> Directions for this task:
The required result is every line of the records that includes "over".

> Information supplied:
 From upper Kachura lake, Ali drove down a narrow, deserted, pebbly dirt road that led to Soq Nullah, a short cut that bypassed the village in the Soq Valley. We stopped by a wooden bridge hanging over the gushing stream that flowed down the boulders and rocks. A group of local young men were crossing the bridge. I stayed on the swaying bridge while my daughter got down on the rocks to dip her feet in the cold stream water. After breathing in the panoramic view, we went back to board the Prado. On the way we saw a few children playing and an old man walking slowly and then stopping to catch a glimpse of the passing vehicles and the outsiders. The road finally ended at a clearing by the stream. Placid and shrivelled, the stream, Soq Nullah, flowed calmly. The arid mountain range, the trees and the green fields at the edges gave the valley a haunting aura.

--

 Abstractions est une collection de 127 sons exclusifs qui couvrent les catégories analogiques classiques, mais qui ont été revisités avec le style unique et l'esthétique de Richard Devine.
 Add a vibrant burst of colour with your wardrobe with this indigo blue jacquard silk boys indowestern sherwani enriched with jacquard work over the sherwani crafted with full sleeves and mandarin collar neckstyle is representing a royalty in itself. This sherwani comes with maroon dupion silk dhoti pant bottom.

> Reply to the task:
 From upper Kachura lake, Ali drove down a narrow, deserted, pebbly dirt road that led to Soq Nullah, a short cut that bypassed the village in the Soq Valley. We stopped by a wooden bridge hanging over the gushing stream that flowed down the boulders and rocks. A group of local young men were crossing the bridge. I stayed on the swaying bridge while my daughter got down on the rocks to dip her feet in the cold stream water. After breathing in the panoramic view, we went back to board the Prado. On the way we saw a few children playing and an old man walking slowly and then stopping to catch a glimpse of the passing vehicles and the outsiders. The road finally ended at a clearing by the stream. Placid and shrivelled, the stream, Soq Nullah, flowed calmly. The arid mountain range, the trees and the green fields at the edges gave the valley a haunting aura.
 Add a vibrant burst of colour with your wardrobe with this indigo blue jacquard silk boys indowestern sherwani enriched with jacquard work over the sherwani crafted with full sleeves and mandarin collar neckstyle is representing a royalty in itself. This sherwani comes with maroon dupion silk dhoti pant bottom.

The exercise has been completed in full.